I just love natural tails on Poodles - I can't imagine them any other way now!


----------



## spoospirit

_They're lovely! It's so cute the way the long tail curls over.
_


----------



## Aidan

Very cute! Mine have the natural tail as well and we love it. We get asked at least daily if they are labradoodles though!


----------



## WonderPup

heh heh, I am growing to love the natural tails especialy after spending the evening with Zephyr. His tail is SOOOOO cute!! Can't wait till Mel posts some of the pics we took. Haha, I'm sure she'll post a TON, she'd had him less than 24 hours and I with the ones I took added to the ones on her camera I'm sure there is at least 100 LoL.


----------



## Pamela

I like the look - they remind me of my two spoos


----------



## passion4poodles

long tail, short tail, no tail LOL!!! They are all adorable!!!!!!!! Cute dogs, I like the teddy bear face!


----------



## gurushell

*long tails are the best tails*

Hi there,
Just an opinion but natural tails are awsome, they are also humane. If you want to see how awsome they look check out one of Victorias best breeders of Red standards in all their natural glory. ( again my opinion ! and I am not short on them when it comes to tail docking I am afraid!) 

http://www.shertonah.com/ourboys.htm or google Shertonah poodles as her site is really nice for those of us who love all sizes. My mini is very attached to his natural tail and would like me to say he thinks it is definatley the way to go style wise too! Woof!


----------



## gurushell

Gorgeous happy babies! They look lovely in their tails! Such soulful eyes!
Lovely photos!


----------



## ArreauStandardPoodle

I have a male with a natural tail (Flynn) and it is growing on me (well, not literally. It is growing on Flynn!) I grew up in a show home, and it will take me a while longer to totally accept the look.

It also isn`t so easy for breeders in North America, if their hope is to show or place some of their pups into show homes. Undocked tails are not the norm here, and I think it would be difficult to get a Poo with an undocked tail placed over a dog with a docked tail. While you CAN show with an undocked tail (I think) getting put up with one in the AKC or CKC ring is another story.

If they ever make it that you can only show with an undocked tail, I for one will do the happy dance. We do our own tails and dews, and while I would not ever have a vet do it, it is the only unpleasant experience of having a litter of puppies.


----------



## *heather*

I'll second the vote for natural tails... the more people that start leaving tails natural, the sooner it will become more accepted, even in the show ring!! Rogan's long tail is gorgeous, and I wouldn't have it any other way!


----------



## cbrand

Not trying to be mean, just adding more information..... I think the long tail on the Poodle on the right just accentuates the fact that it has a really gay, almost squirrel tail. 

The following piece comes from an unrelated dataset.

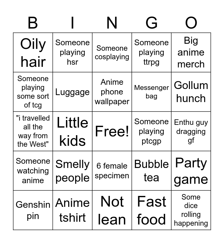 This bingo card has a free space and 24 words: Smelly people, Anime tshirt, Anime phone wallpaper, Genshin pin, Big anime merch, Oily hair, Someone playing some sort of tcg, Someone playing hsr, Someone playing ptcgp, 6 female specimen, Messenger bag, "i travelled all the way from the West", Bubble tea, Party game, Luggage, Fast food, Enthu guy dragging gf, Someone cosplaying, Gollum hunch, Little kids, Some dice rolling happening, Someone watching anime, Someone playing ttrpg and Not lean.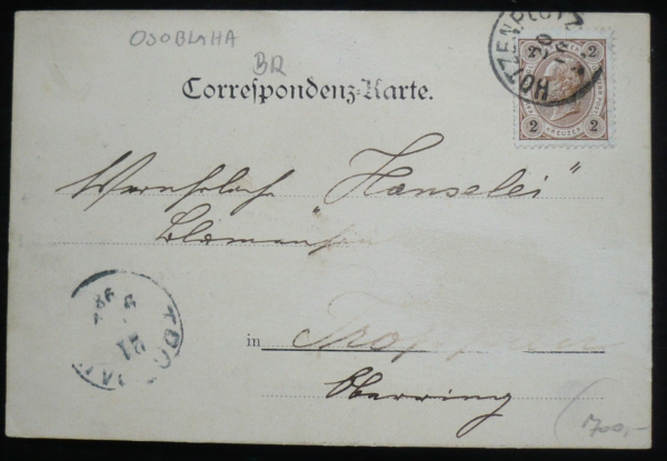 Osoblaha, karikatura vláčku, dlouhá adresa, prošlá, Q2

Of course, if we go to full tails in this country, breeders will have to give more attention to breeding more correct tails. As it is now, many breeders actually favor a gay tail because it never goes down in the ring.


----------



## desertreef

Your dogs are lovely... sharp picture!
I'd love to see your silver girl's pedigree. Can you share?
Natural tails get some 'getting used to'... and I can see why people like them that way, but also having one with, I know what I don't like about them. :fish:


----------



## Taxi

Aidan said:


> Very cute! Mine have the natural tail as well and we love it. We get asked at least daily if they are labradoodles though!


We get the same question, "are they labradooles?" I am surprise by how many people do not realize that poodles have long tails (actually normal length tails).


----------



## Olie

desertreef said:


> Your dogs are lovely... sharp picture!
> I'd love to see your silver girl's pedigree. Can you share?
> Natural tails get some 'getting used to'... and I can see why people like them that way, but also having one with, I know what I don't like about them. :fish:


Love your avatar! I aware it looks just like suri!


----------



## flyingduster

this is yet another OLLLD post that gurushell has bought up about tails. *sigh*
cute pic though!


----------



## taxtell

Aidan said:


> Very cute! Mine have the natural tail as well and we love it. We get asked at least daily if they are labradoodles though!


Really????

AUGH!!!!!!!!

People drive me nuts with that.


----------



## Harley_chik

flyingduster said:


> this is yet another OLLLD post that gurushell has bought up about tails. *sigh*
> cute pic though!


She's like a broken record huh? Her intro is her only post that has nothing to do with docking.


----------



## Fluffyspoos

Harley_chik said:


> She's like a broken record huh? Her intro is her only post that has nothing to do with docking.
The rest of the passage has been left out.